You and I don't matter much. This profundity makes a perfect runway landing every time politics raises its slimy head and a cavalcade of self-interests disguised as friends indeed arrives on the scene.
So Iowa's Big Occasion is here today, and by mid-evening U.S. citizens and hopeful legions of not-so folk will have a pretty good idea of who's in and who's out as a presidential hopeful.
Will the GOP choice really come down to simply Trump and Cruz? What will win out, business acumen or constitutional expertise? Blowhard windbag or soft-spoken thoughtfulness?
Maybe Iowa's approaching blizzard renders no coincidence, because something as pure as the wind-driven snow is badly required for a nation in disrepair. Will opportunity be snatched by the candidate who can best implement it? I suggest Cruz, but I don't live in Iowa.

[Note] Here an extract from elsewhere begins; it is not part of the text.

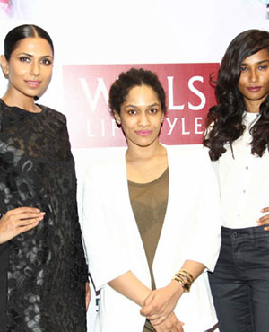 Candice Pinto, Fashion designer Masaba Gupta and model Nidhi Sunil spotted during the launch of fiama DI wills shower jewels in Mumbai

Then there's the Democrat side. What the hell happened? There likely wouldn't even be a place for John F. Kennedy in today's Democrat Party. The "blue dogs" are all but gone, and the socialists and communists (plus at least one Marxist we know of who lives on Pennsylvania Ave.) have invaded an already corrupt political party and driven it closer to the edge -- not that the GOP lurks all that far in the distance. But, omigod! The Democrats! It's down to an aged socialist cum communist and a faded old political heiress devoid of fresh ideas and equipped most noticeably with the vocal screech reminiscent of Medusa under a hair dryer. Oh, I know -- "they" owe her this little forage into politics. Again. One more time. Bill's wife, you know. Be impressed not. No wonder Hillary promises to release government information regarding UFOs -- that's all she's got left, and it's not nearly enough, not even with John Podesta manning a shovel to both dig her in and dig her out. With even newer e-mail revelations coming along this very day regarding lives of intelligence contacts put in jeopardy via carelessly placed e-mails, there may be no place or direction in which Hillary Clinton & Co. can dig, period.